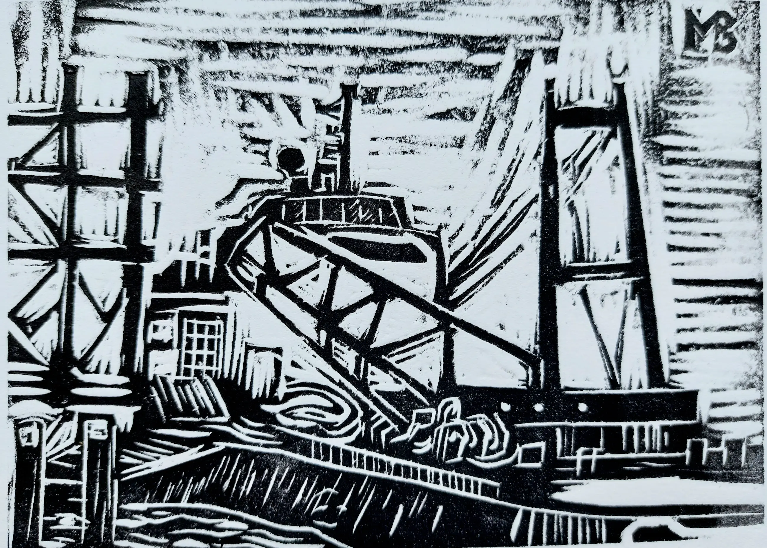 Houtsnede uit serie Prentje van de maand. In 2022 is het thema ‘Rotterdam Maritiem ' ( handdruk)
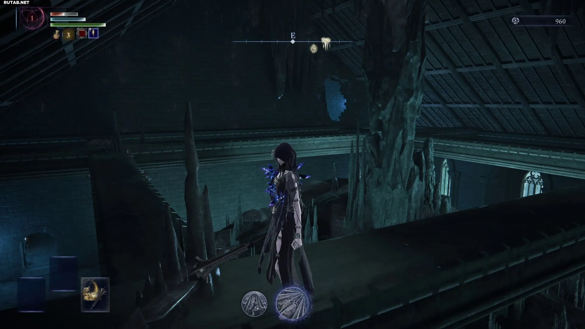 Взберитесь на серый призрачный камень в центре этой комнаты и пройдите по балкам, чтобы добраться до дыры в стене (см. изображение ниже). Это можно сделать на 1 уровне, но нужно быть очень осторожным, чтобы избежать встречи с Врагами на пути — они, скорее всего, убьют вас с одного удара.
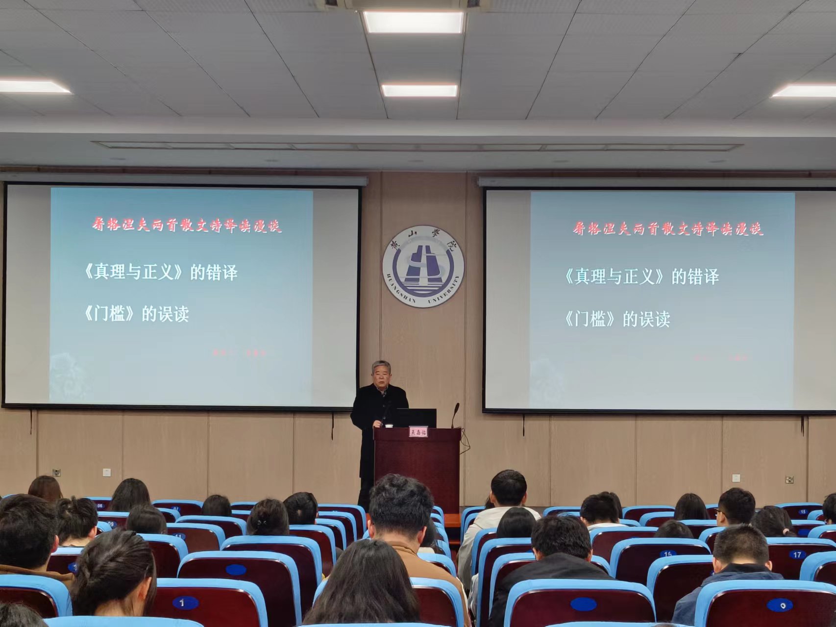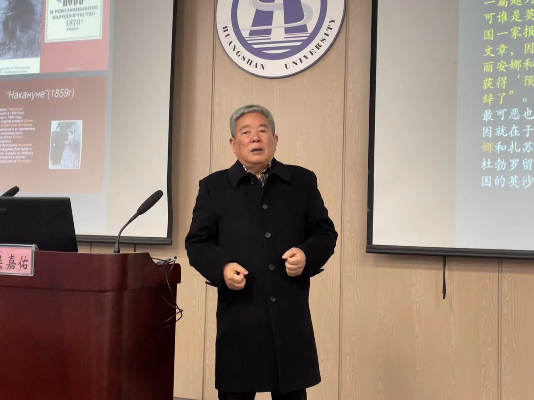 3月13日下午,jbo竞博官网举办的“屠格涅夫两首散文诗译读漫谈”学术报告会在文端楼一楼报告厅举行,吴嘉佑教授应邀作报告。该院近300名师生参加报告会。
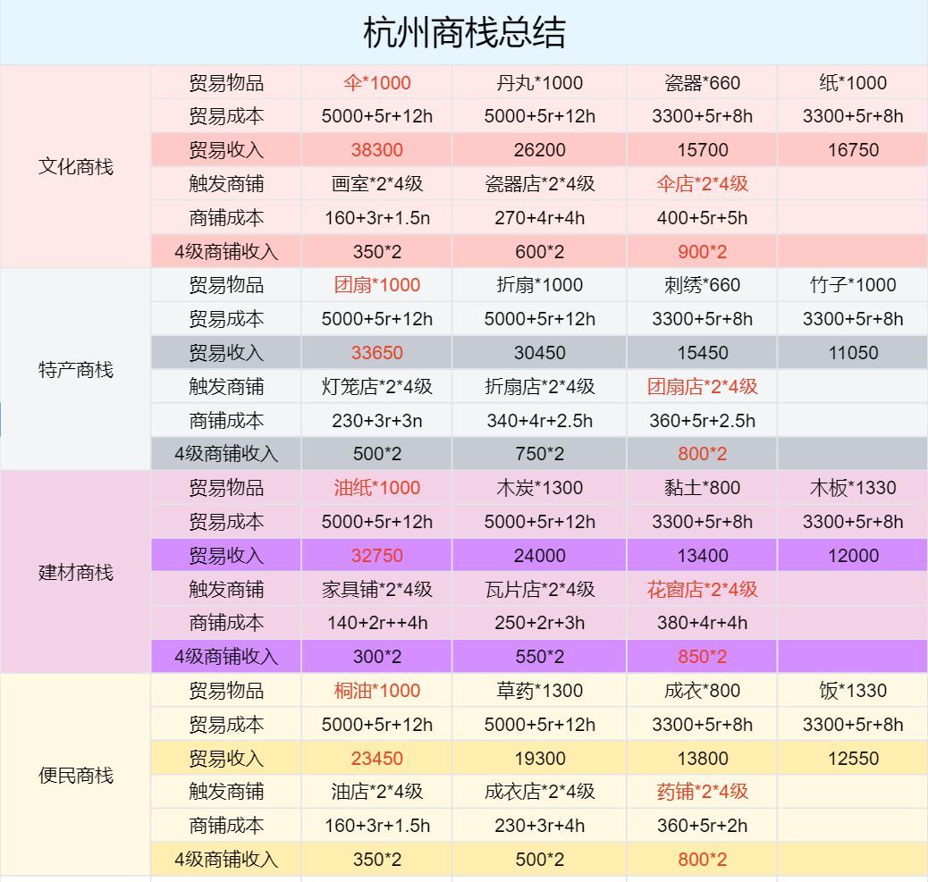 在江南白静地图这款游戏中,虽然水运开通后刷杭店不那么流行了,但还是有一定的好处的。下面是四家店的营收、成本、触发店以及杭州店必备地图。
---------------
» **Activity**: Now repeat exactly the lines from the one with "3月13日下午,jbo竞博官" through the end of the listing above, both included, omitting all pictures.

» **Reply to the exercise**:
 3月13日下午,jbo竞博官网举办的“屠格涅夫两首散文诗译读漫谈”学术报告会在文端楼一楼报告厅举行,吴嘉佑教授应邀作报告。该院近300名师生参加报告会。
 在江南白静地图这款游戏中,虽然水运开通后刷杭店不那么流行了,但还是有一定的好处的。下面是四家店的营收、成本、触发店以及杭州店必备地图。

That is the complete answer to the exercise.